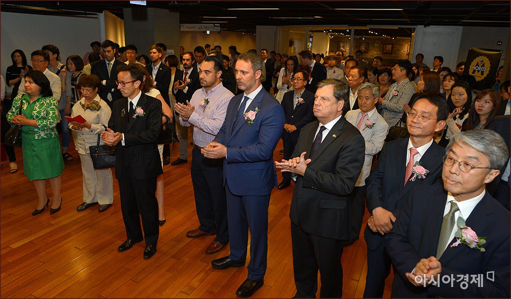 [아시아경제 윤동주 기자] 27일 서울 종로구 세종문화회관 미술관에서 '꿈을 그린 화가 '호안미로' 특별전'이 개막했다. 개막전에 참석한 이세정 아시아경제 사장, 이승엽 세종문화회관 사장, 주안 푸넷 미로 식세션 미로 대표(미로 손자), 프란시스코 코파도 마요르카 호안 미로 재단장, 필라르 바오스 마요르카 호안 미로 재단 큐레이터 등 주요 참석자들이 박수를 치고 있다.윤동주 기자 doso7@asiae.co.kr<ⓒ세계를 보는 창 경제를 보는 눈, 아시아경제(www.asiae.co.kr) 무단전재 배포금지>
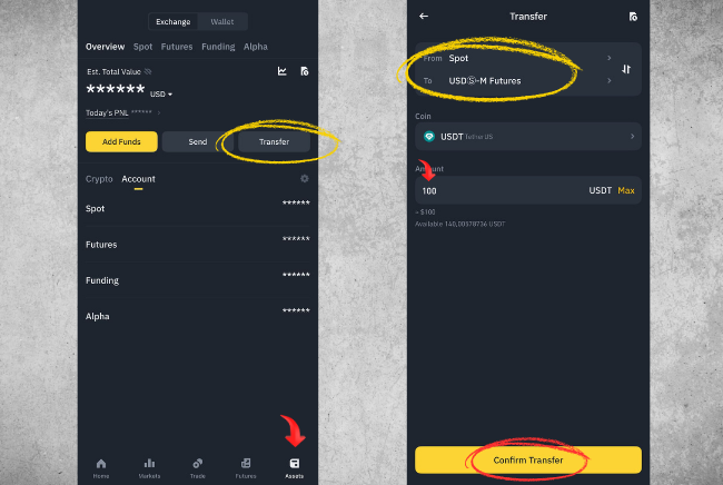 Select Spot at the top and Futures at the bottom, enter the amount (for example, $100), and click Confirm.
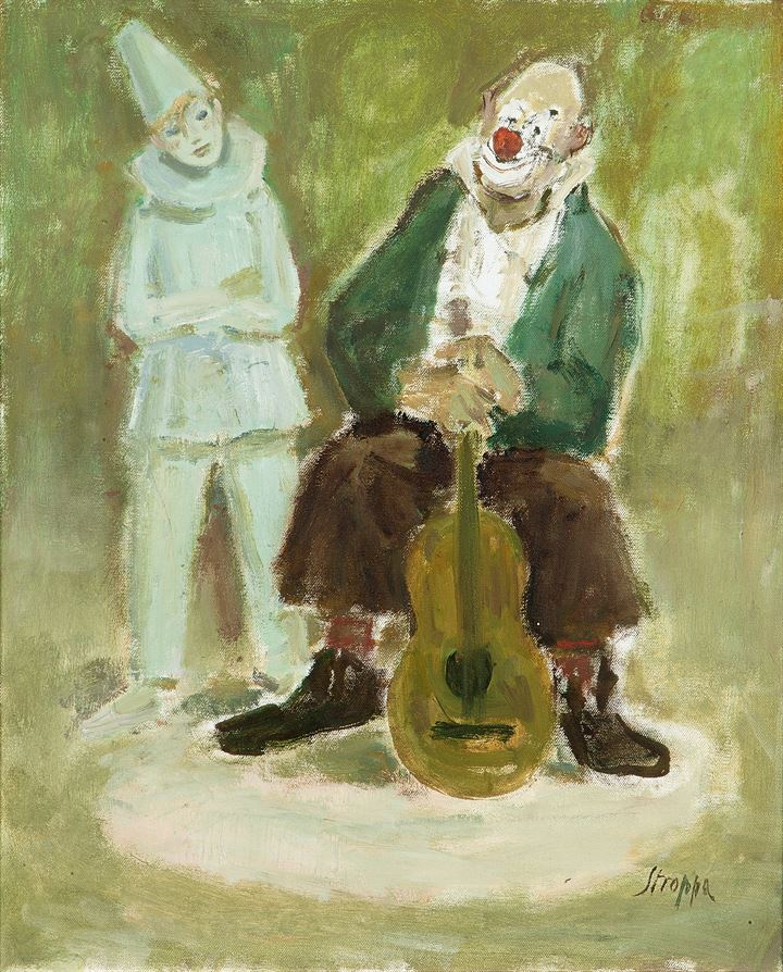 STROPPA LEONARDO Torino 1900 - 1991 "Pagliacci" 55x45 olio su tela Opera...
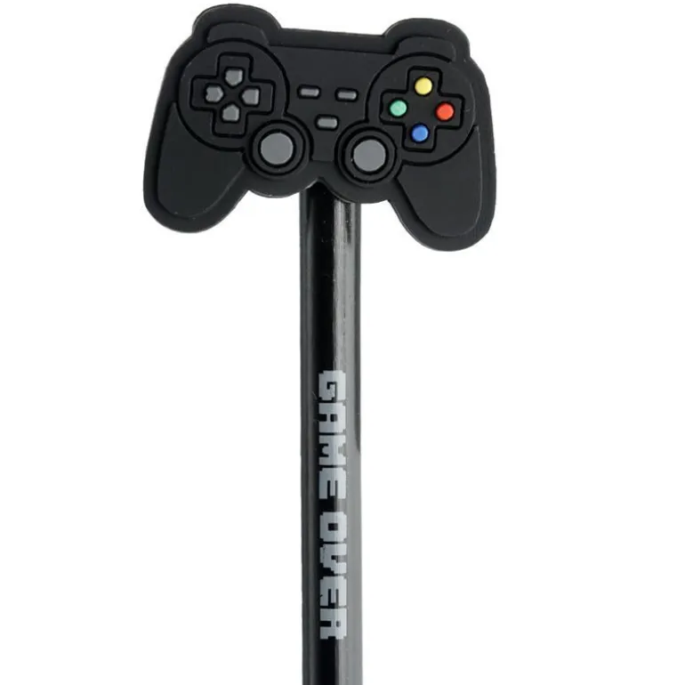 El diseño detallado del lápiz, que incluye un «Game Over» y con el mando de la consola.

====

TASK REQUIREMENTS: Transcribe exactly, and without any pictures, each line from the one that holds "STROPPA LEONARDO Torino" through the final line of the material above.

RESULT BELOW:
 STROPPA LEONARDO Torino 1900 - 1991 "Pagliacci" 55x45 olio su tela Opera...
 El diseño detallado del lápiz, que incluye un «Game Over» y con el mando de la consola.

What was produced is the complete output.